Penn State Soccer

Penn State women's soccer: Long wait worth it for Rodriguez, PSU team

Raquel Rodriguez admits playing soccer and attending college in the United States has been a dream come true, and on the field she has had quite the impact.

The freshman midfielder is fifth on the Penn State women’s soccer team in total points, tied for first in assists and was a unanimous Big Ten Freshman of the Year selection.

And to think, she was within hours of not coming here at all.

Rodriguez —“Rocky” as she is called by teammates — had been waiting most of the spring and summer to get official word from the NCAA that her credits were good to enroll in a U.S. college as an athlete and there were no improprieties. She didn’t get the approval she needed until fewer than 48 hours before she was scheduled to leave.

“Wow,” Rodriguez said of that midsummer afternoon. “That day I’ll remember forever.”

Nittany Lion soccer fans have been thankful for that day ever since, and another chance to see her on the field comes tonight in the second round of the NCAA Tournament. The top-seeded Lions (18-3-1) face Boston College (10-5-3) at 7:30 p.m. at Jeffrey Field, following a 5 p.m. contest between Michigan and Portland.

The native of Costa Rica has four goals and nine assists this season, and has played a major role despite being in her first season. She is fifth on the team in minutes played among position players, and she has the poise and thoughtfulness of a senior or someone even older.

Some of that comes from her on-field experience, having played on the under-17, under-20 and full national team for Costa Rica in the same year. She was with the national team at the regional qualifier for the Olympics last winter in Vancouver, Canada — where she saw snow for the first time — and has played against many of the world’s best.

“She’s so different, she’s so special,” head coach Erica Walsh said. “She’s played in more world cups, youth world cups, Olympics. You look at her resume, it’s unlike that of any other player in the college game. She’s got more experience than any of these players.”

Walsh still remembers the first time she saw Rodriguez play in Boca Raton, Fla., at a huge annual youth tournament that features the top players in the U.S. Walsh will be there again next week, regardless of whether the Nittany Lions advance to the national quarterfinals, and many of the current team members played in that tournament.

Walsh was watching a match that had current Nittany Lion freshman Mallory Weber on the Northern U.S. regional team facing the Costa Rican team when another midfielder caught her attention.

“There was this player in the middle of the midfield, and she was just better than anyone — by far,” Walsh said. “Then I realized she was 14 years old and physically she looked like she does now.”

Not long after, Rodriguez committed to Penn State, even though she never saw the campus.
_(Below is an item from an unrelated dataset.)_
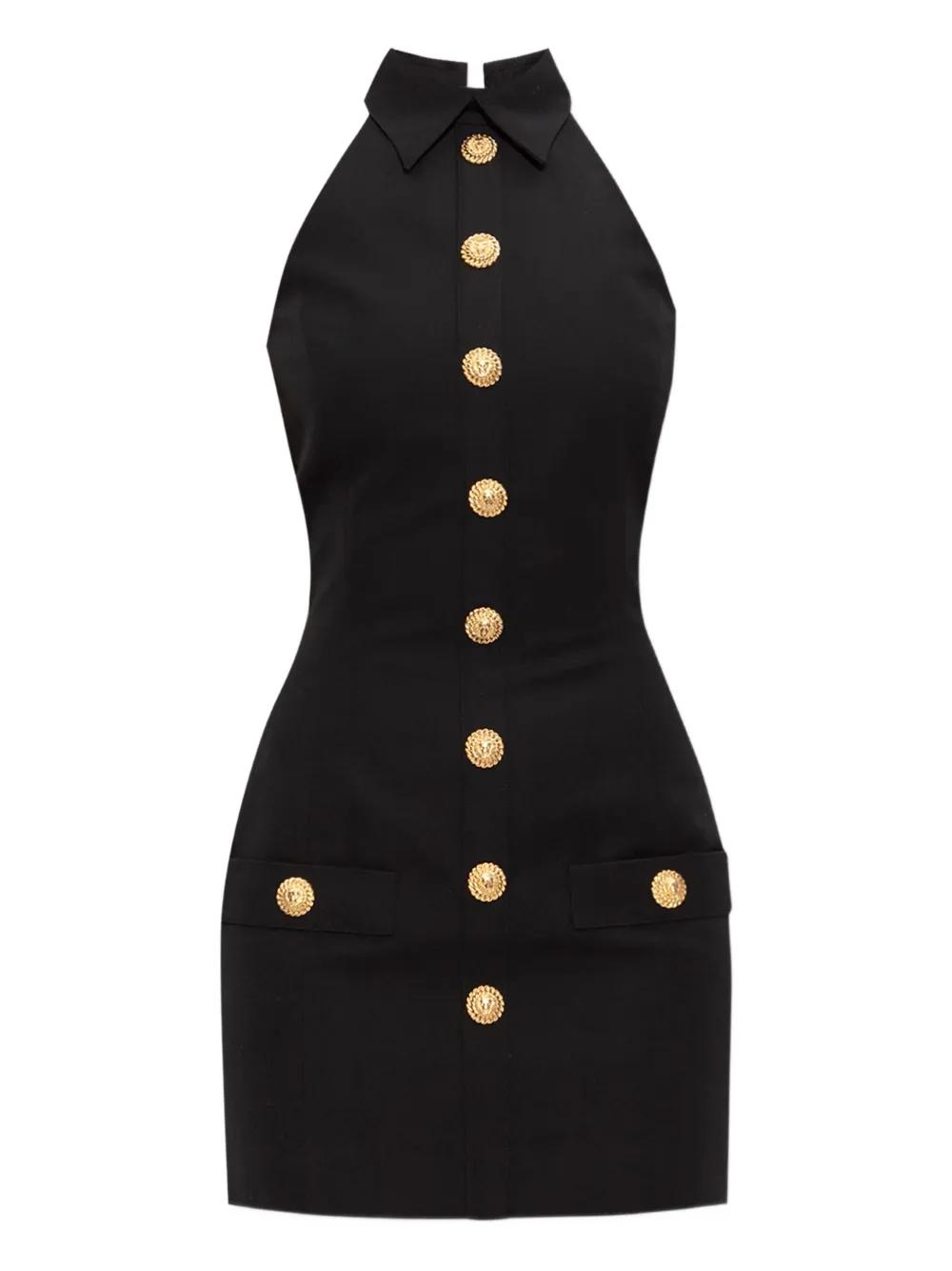Balmain halterneck buttoned mini dress - Black

She and her family found pictures online, and Walsh made several videos of various events on campus.

By the time Rodriguez was playing in that tournament, she was already thinking she would be returning to the U.S. to play in college.
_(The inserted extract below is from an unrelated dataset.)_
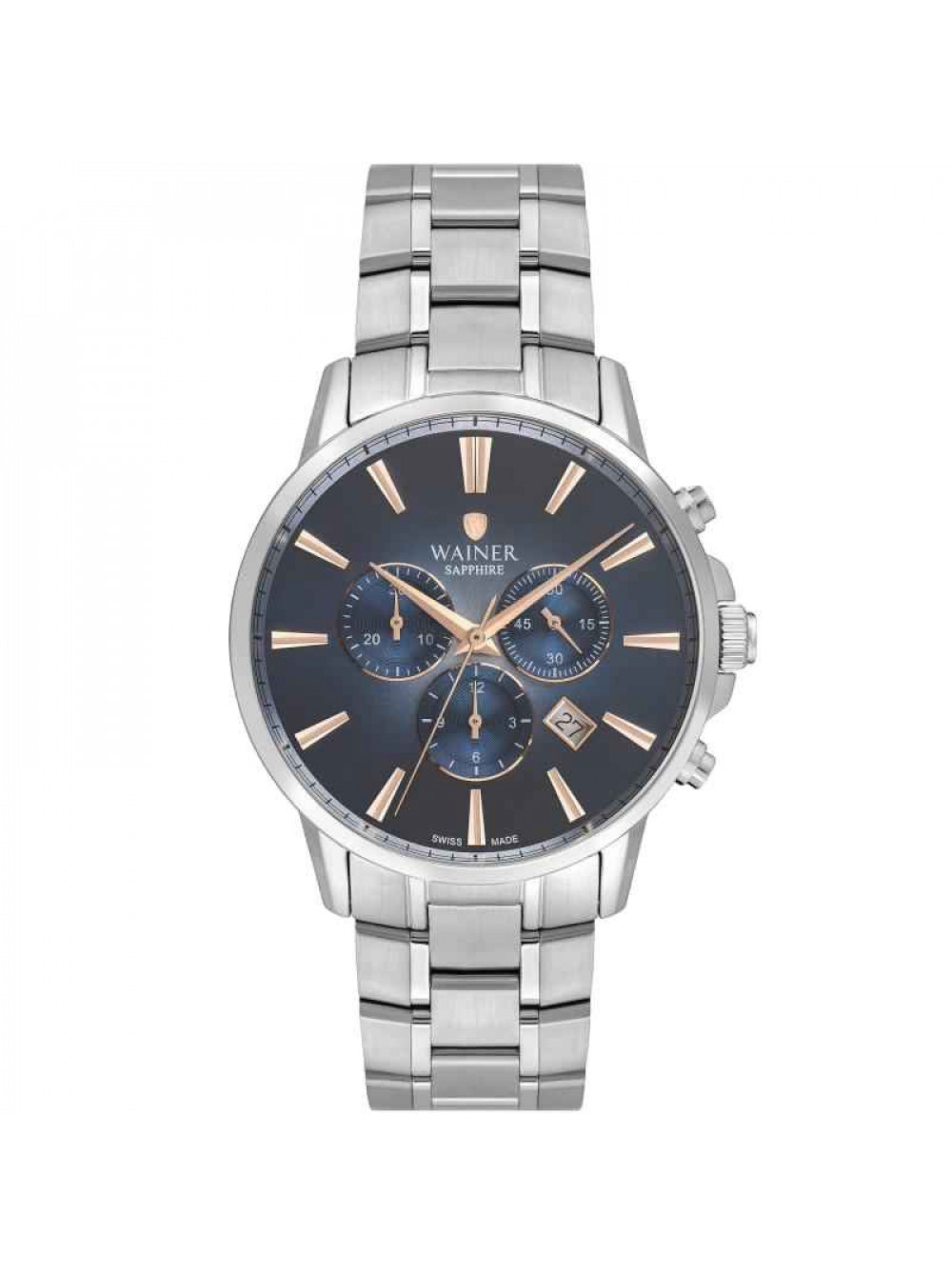 Швейцарские, наручные кварцевые часы WAINER. Корпус из нержавеющей стали. Дата, вынесенная секундная стрелка, хронограф. Сапфировое стекло. На браслете.

“Since I was a kid I wanted to come to the States, and play and study at the same time,” Rodriguez said. “I knew for sure I was going to come to the States, I just didn’t know what college. I took that step of faith.”

But eventually, there were snags. The typical story was about her classes, and whether they met the NCAA’s standards, but also there was a misunderstanding about Rodriguez’s age at first — Walsh thought she was a year older — and whether Walsh had contacted Rodriguez too early.
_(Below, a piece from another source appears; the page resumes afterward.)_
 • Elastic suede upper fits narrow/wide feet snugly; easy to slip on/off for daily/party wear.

“From there things got better and worse all at the same time,” Walsh said. “It was a classic case of NCAA challenges, transcripts and just a series of events.”

Then came the waiting game, where days turned into weeks, and weeks turned into months. Rodriguez said her father had been depressed over the wait, and there was tension in her house over whether she would be leaving.

Walsh was also feeling it, and doing all she could to change things.

“She kept asking, ‘Should I be worried?’” Walsh said. “For months I said no, but as it got closer I said yes, and it was out of our hands. I contemplated flying to Indianapolis. I knew there was nothing I could do. I contemplated flying to Costa Rica, but it’s summertime. Nobody’s at work. It was the beginnings of an awful situation that would have led to her missing on an education.”

While her family had very little money to spare, they decided to take a chance. The deadline was nearing, practices were about to begin for the season and Rodriguez had to leave for America. She rolled the dice and bought a plane ticket.

“I thought my dream was not going to come true,” Rodriguez said. “I was just so frustrated.”

Late on a Friday afternoon, with her flight leaving on the following Sunday morning, the phone call she had anxiously been awaiting finally came – she was in.

“She can’t stop saying ‘Thank you,’” Walsh said. “I can’t stop thinking it should be the other way around.”

She says being away from home has been tough, and she doesn’t think her family will get to see her play here until next season, she hopes. But she at least has a place to be comfortable.

“Every time that I play soccer, its something I like so it’s something that keeps my mind on something that I like,” Rodriguez said. “It helps me to actually not think about home. It’s the only way for sure that I’ll have fun.”

It has been fun for the Nittany Lions, and worth all the toil and trouble to help Rodriguez chase her dream and get her education.

“I predict she will be a national player of the year before she graduates,” Walsh said. “She’s just in a different class.”